PROBLEM DETAILS:
Skip the pictures and write out, word for word, the lines below from the one with "Dit elegante boho" through the one with "The window provides", inclusive.

DATA FOR ANALYSIS:
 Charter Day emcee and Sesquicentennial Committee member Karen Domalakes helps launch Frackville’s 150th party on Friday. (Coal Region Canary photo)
==
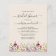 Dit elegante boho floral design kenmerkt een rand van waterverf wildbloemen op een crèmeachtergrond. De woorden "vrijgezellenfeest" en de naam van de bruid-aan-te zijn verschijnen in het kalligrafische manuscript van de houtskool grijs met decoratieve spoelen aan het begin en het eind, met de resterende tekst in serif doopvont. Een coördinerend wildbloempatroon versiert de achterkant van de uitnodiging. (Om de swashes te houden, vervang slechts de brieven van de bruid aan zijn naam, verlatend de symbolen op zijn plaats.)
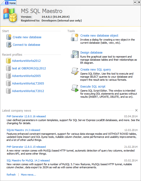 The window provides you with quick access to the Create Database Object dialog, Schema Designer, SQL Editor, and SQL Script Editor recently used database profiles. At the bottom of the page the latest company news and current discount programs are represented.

RESPONSE TO THE TASK:
 Dit elegante boho floral design kenmerkt een rand van waterverf wildbloemen op een crèmeachtergrond. De woorden "vrijgezellenfeest" en de naam van de bruid-aan-te zijn verschijnen in het kalligrafische manuscript van de houtskool grijs met decoratieve spoelen aan het begin en het eind, met de resterende tekst in serif doopvont. Een coördinerend wildbloempatroon versiert de achterkant van de uitnodiging. (Om de swashes te houden, vervang slechts de brieven van de bruid aan zijn naam, verlatend de symbolen op zijn plaats.)
 The window provides you with quick access to the Create Database Object dialog, Schema Designer, SQL Editor, and SQL Script Editor recently used database profiles. At the bottom of the page the latest company news and current discount programs are represented.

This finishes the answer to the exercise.